Occam’s Razor is often phrased as “The simplest explanation that fits the facts.” Robert Heinlein replied that the simplest explanation is “The lady down the street is a witch; she did it.”
One observes that the length of an English sentence is not a good way to measure “complexity.” And “fitting” the facts by merely failing to prohibit them is insufficient.
Why, exactly, is the length of an English sentence a poor measure of complexity? Because when you speak a sentence aloud, you are using labels for concepts that the listener shares—the receiver has already stored the complexity in them. Suppose we abbreviated Heinlein’s whole sentence as “Tldtsiawsdi!” so that the entire explanation can be conveyed in one word; better yet, we’ll give it a short arbitrary label like “Fnord!” Does this reduce the complexity? No, because you have to tell the listener in advance that “Tldtsiawsdi!” stands for “The lady down the street is a witch; she did it.” “Witch,” itself, is a label for some extraordinary assertions—just because we all know what it means doesn’t mean the concept is simple.
An enormous bolt of electricity comes out of the sky and hits something, and the Norse tribesfolk say, “Maybe a really powerful agent was angry and threw a lightning bolt.” The human brain is the most complex artifact in the known universe. If anger seems simple, it’s because we don’t see all the neural circuitry that’s implementing the emotion. (Imagine trying to explain why Saturday Night Live is funny, to an alien species with no sense of humor.

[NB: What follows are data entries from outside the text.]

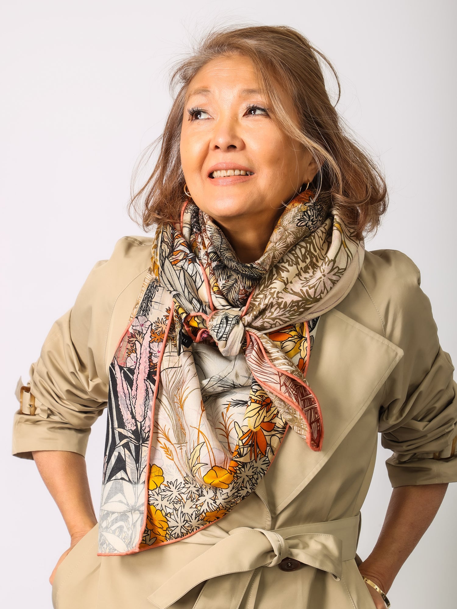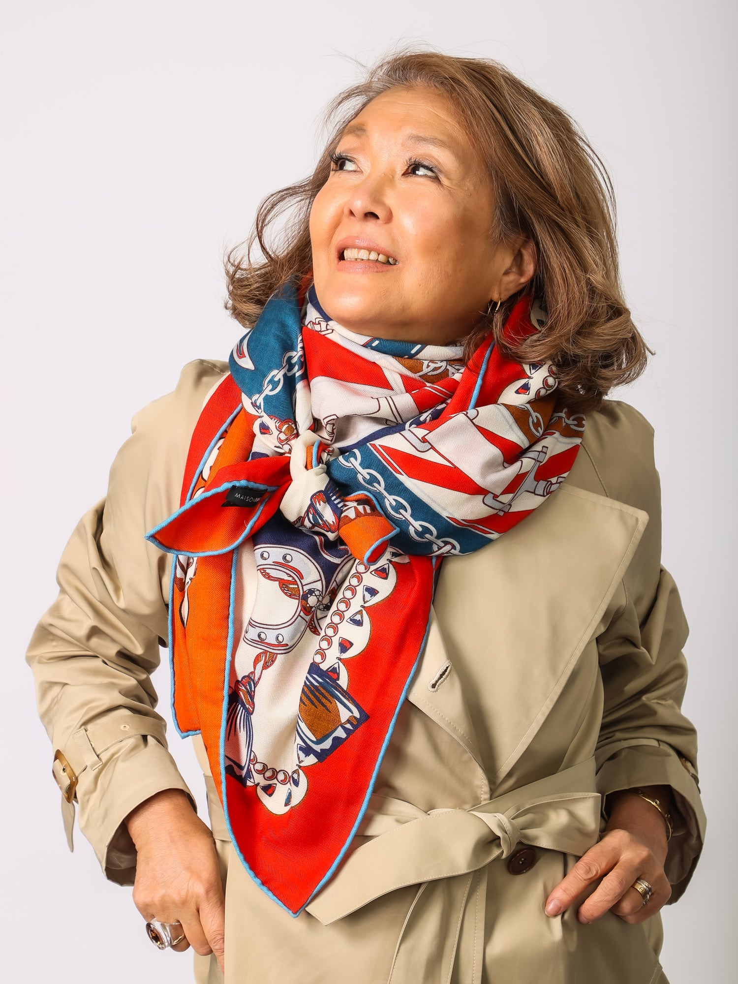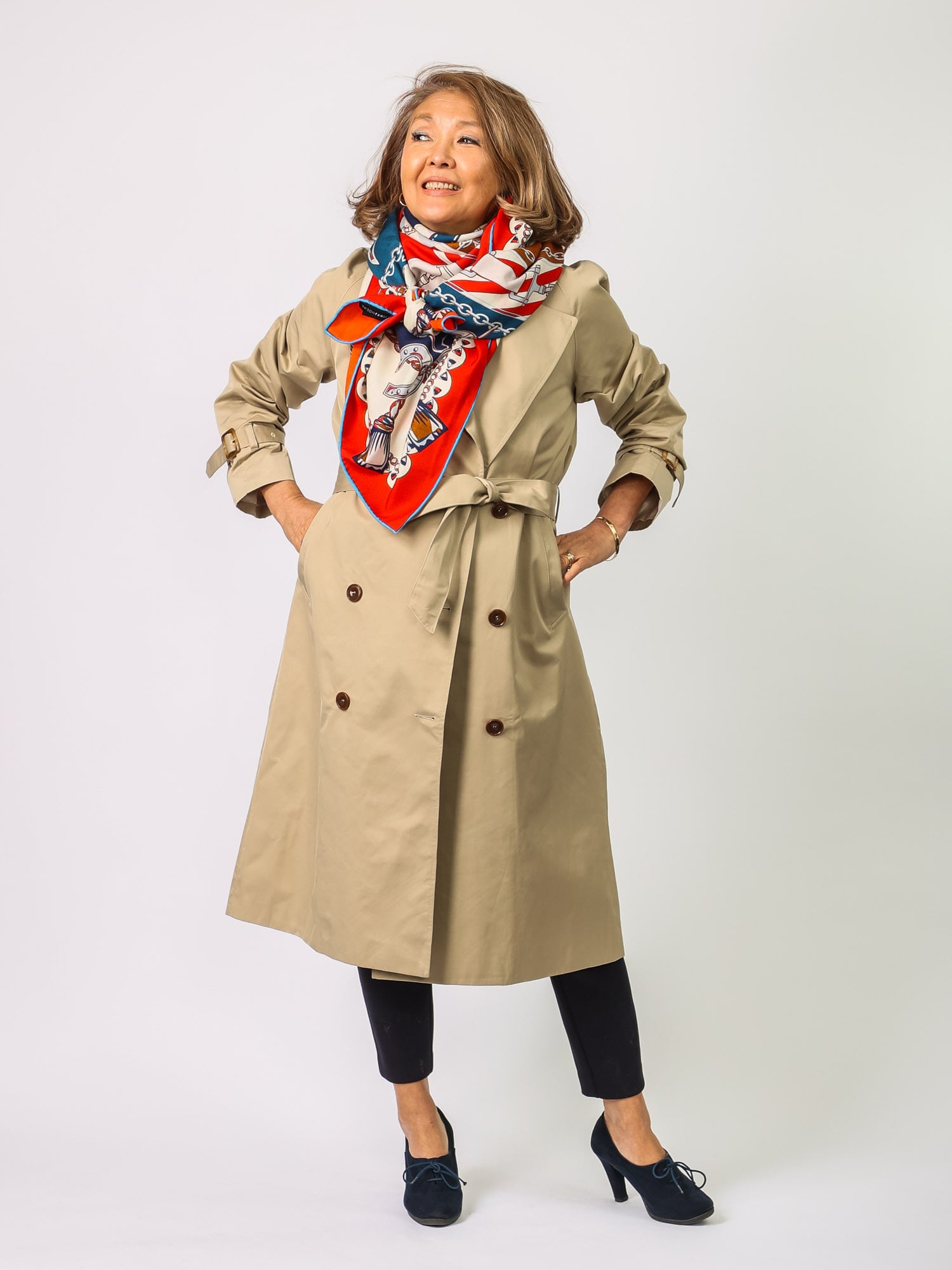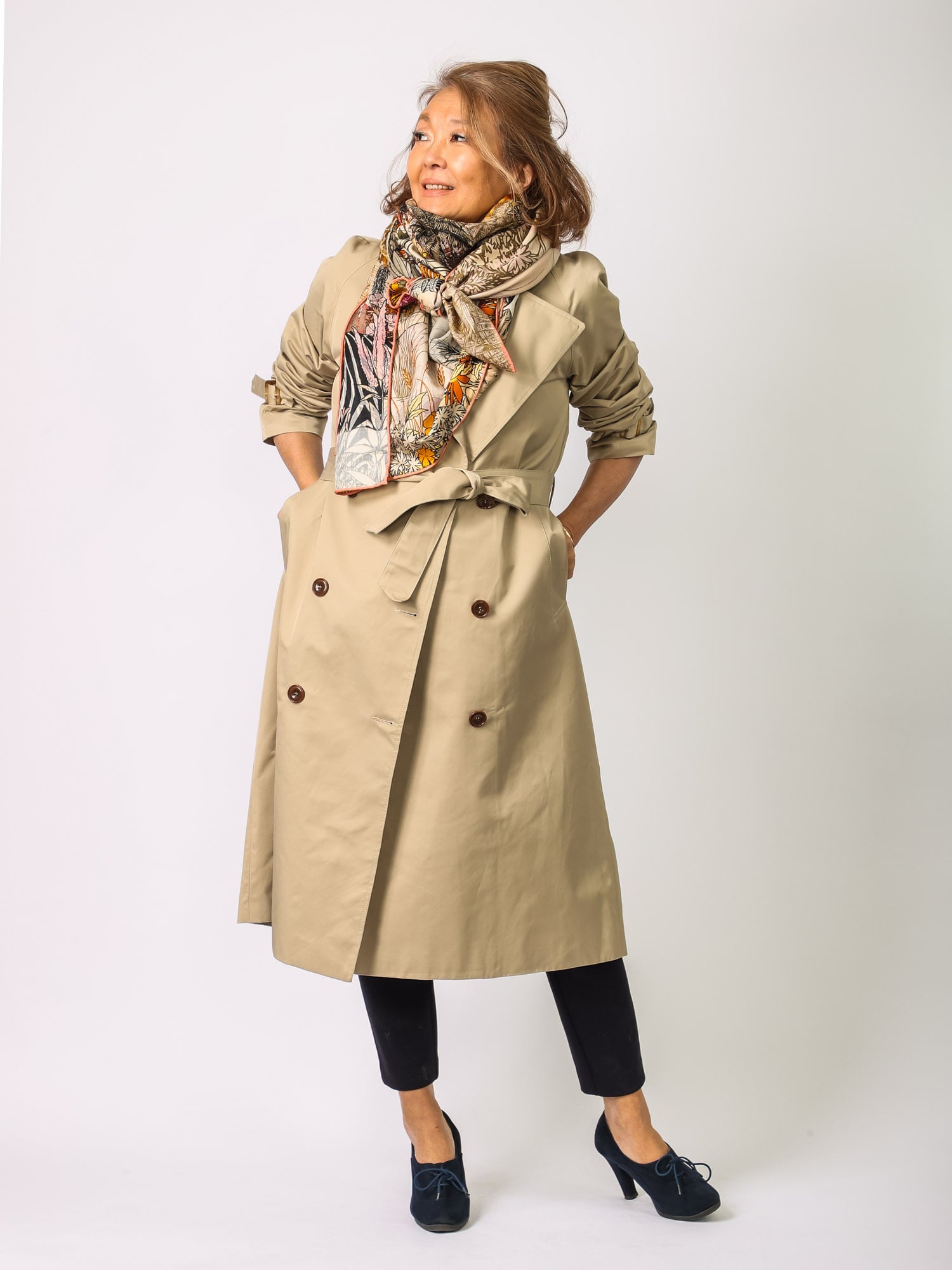 トレンチでしたら、前を三角にして結ぶと
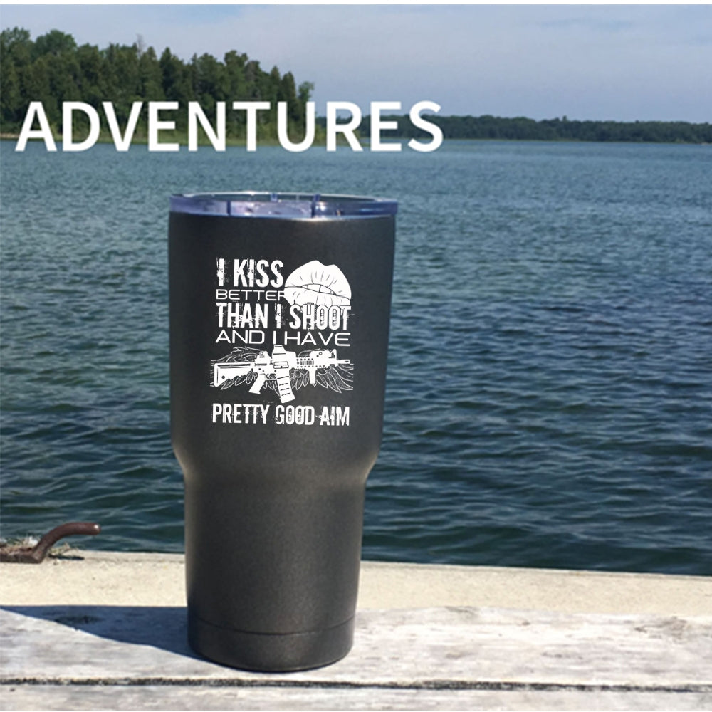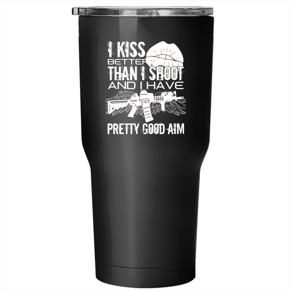I Kiss Better Than I Shoot Tumbler 30 oz Stainless Steel, Funny Gift For Gunner Travel Mug
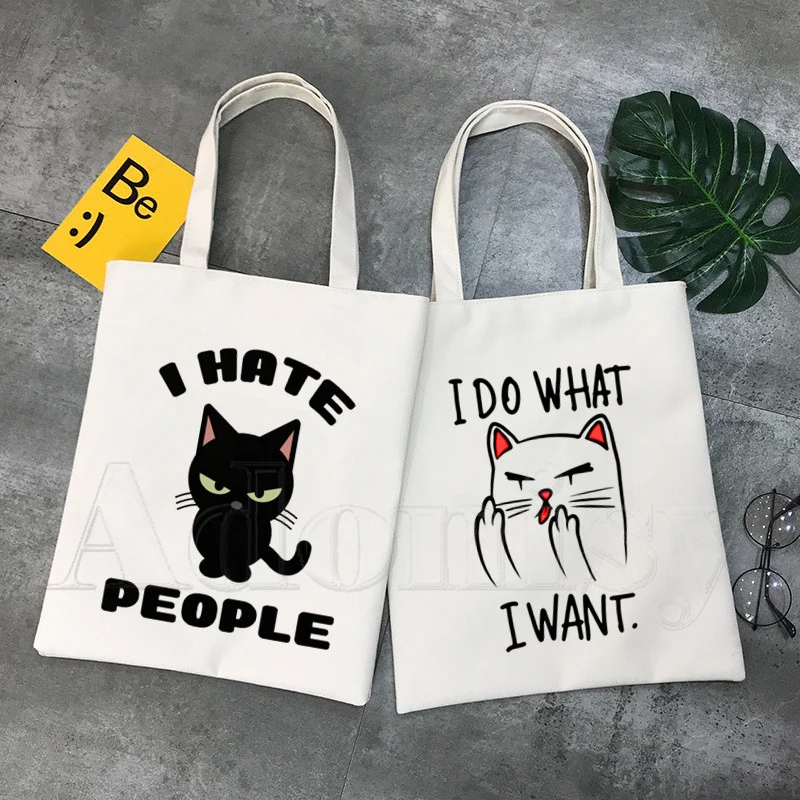 Забавная кошка «я делаю то, что хочу», Корейская сумка-шоппер Ulzzang, Холщовая Сумка-тоут с принтом, сумки, женская сумка в стиле Харадзюку, сумки на плечо
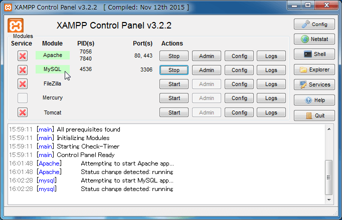 以下の画面のように"MySQL"がグリーンになって、[XAMPP Contorol Panel]のログ画面に「[mysql] Status change detected:running」が表示されればMySQLが正常に起動されたことになります。

But don’t feel superior; you yourself have no sense of fnord.) The complexity of anger, and indeed the complexity of intelligence, was glossed over by the humans who hypothesized Thor the thunder-agent.
To a human, Maxwell’s equations take much longer to explain than Thor. Humans don’t have a built-in vocabulary for calculus the way we have a built-in vocabulary for anger. You’ve got to explain your language, and the language behind the language, and the very concept of mathematics, before you can start on electricity.
And yet it seems that there should be some sense in which Maxwell’s equations are simpler than a human brain, or Thor the thunder-agent.
There is. It’s enormously easier (as it turns out) to write a computer program that simulates Maxwell’s equations, compared to a computer program that simulates an intelligent emotional mind like Thor.
The formalism of Solomonoff induction measures the “complexity of a description” by the length of the shortest computer program which produces that description as an output. To talk about the “shortest computer program” that does something, you need to specify a space of computer programs, which requires a language and interpreter. Solomonoff induction uses Turing machines, or rather, bitstrings that specify Turing machines. What if you don’t like Turing machines? Then there’s only a constant complexity penalty to design your own universal Turing machine that interprets whatever code you give it in whatever programming language you like. Different inductive formalisms are penalized by a worst-case constant factor relative to each other, corresponding to the size of a universal interpreter for that formalism.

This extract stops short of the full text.